■ TO DO: Look in the data below for the line that has "그리고 승관이가 '세븐틴' 공식 유튜브 계정으로 댓글을 남겼음", then print exactly every line from there through the line that has "材料 ID,即 9021。我们将在以后为复合层指定材料时需要此编号。", leaving pictures out.
AVAILABLE DATA Start Marker
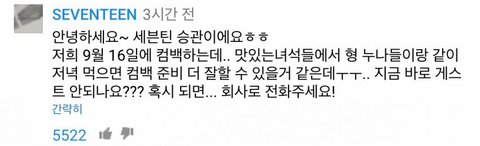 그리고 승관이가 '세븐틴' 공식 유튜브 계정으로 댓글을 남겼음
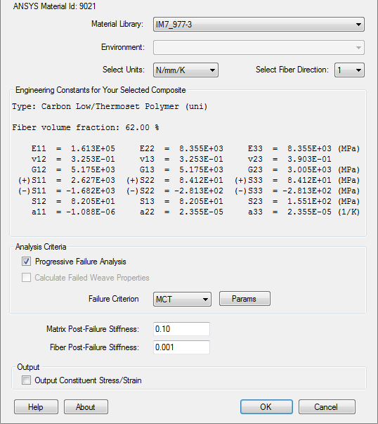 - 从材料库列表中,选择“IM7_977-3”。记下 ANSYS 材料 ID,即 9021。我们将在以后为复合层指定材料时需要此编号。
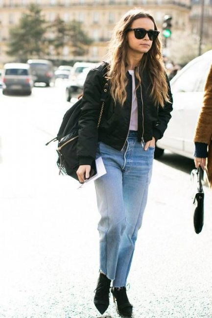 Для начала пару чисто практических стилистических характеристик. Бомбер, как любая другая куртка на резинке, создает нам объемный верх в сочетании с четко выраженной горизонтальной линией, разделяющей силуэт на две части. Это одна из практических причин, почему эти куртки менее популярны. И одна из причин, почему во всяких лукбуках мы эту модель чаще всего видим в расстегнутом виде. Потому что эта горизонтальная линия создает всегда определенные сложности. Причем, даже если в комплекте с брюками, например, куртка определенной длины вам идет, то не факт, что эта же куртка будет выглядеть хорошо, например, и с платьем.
AVAILABLE DATA End Marker
AVAILABLE DATA Start Marker
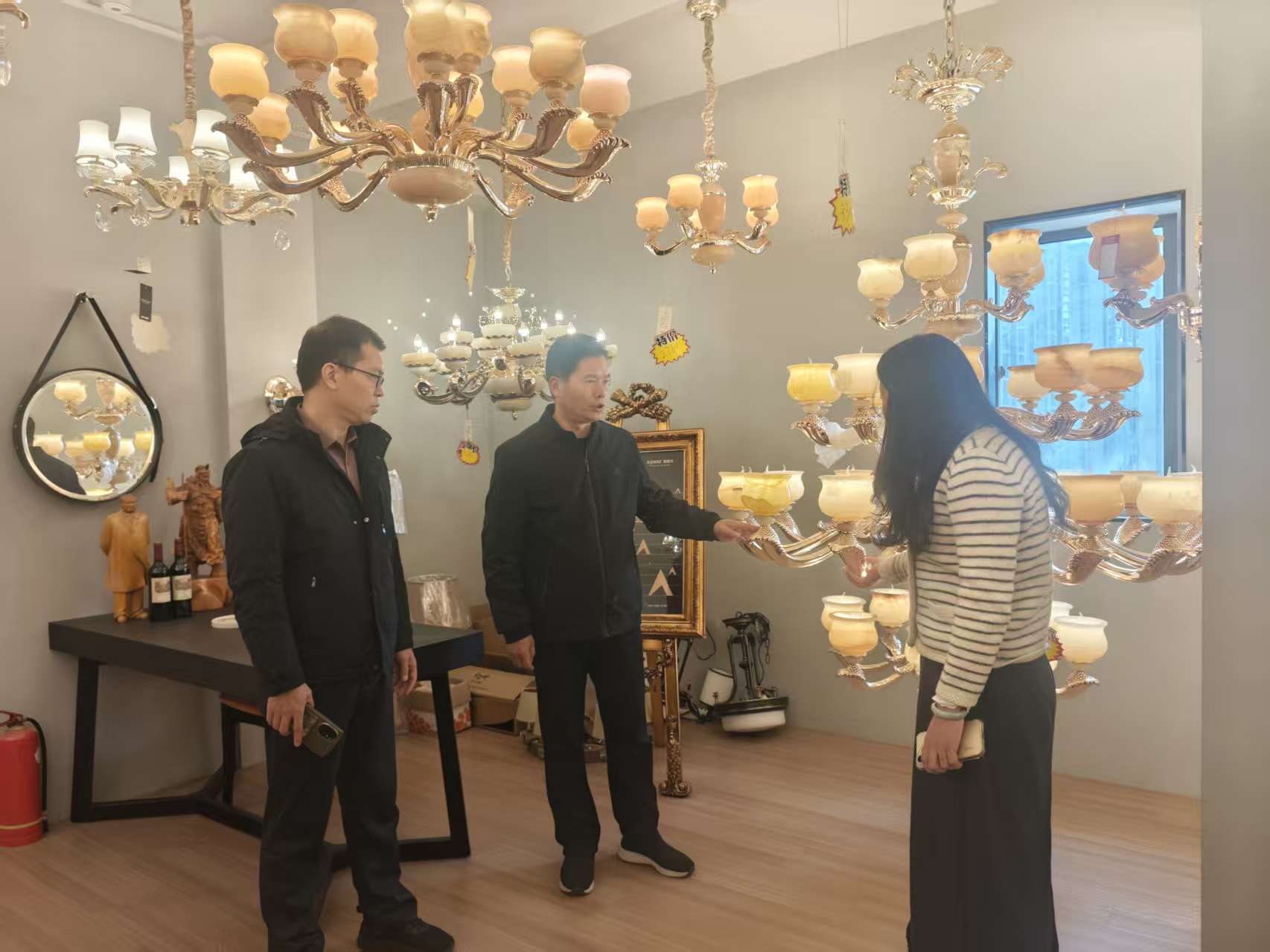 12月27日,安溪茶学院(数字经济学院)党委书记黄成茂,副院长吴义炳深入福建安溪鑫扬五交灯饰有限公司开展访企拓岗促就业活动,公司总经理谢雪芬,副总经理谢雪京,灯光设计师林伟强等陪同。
AVAILABLE DATA End Marker
■ OUTPUT OF THE TASK:
 그리고 승관이가 '세븐틴' 공식 유튜브 계정으로 댓글을 남겼음
 - 从材料库列表中,选择“IM7_977-3”。记下 ANSYS 材料 ID,即 9021。我们将在以后为复合层指定材料时需要此编号。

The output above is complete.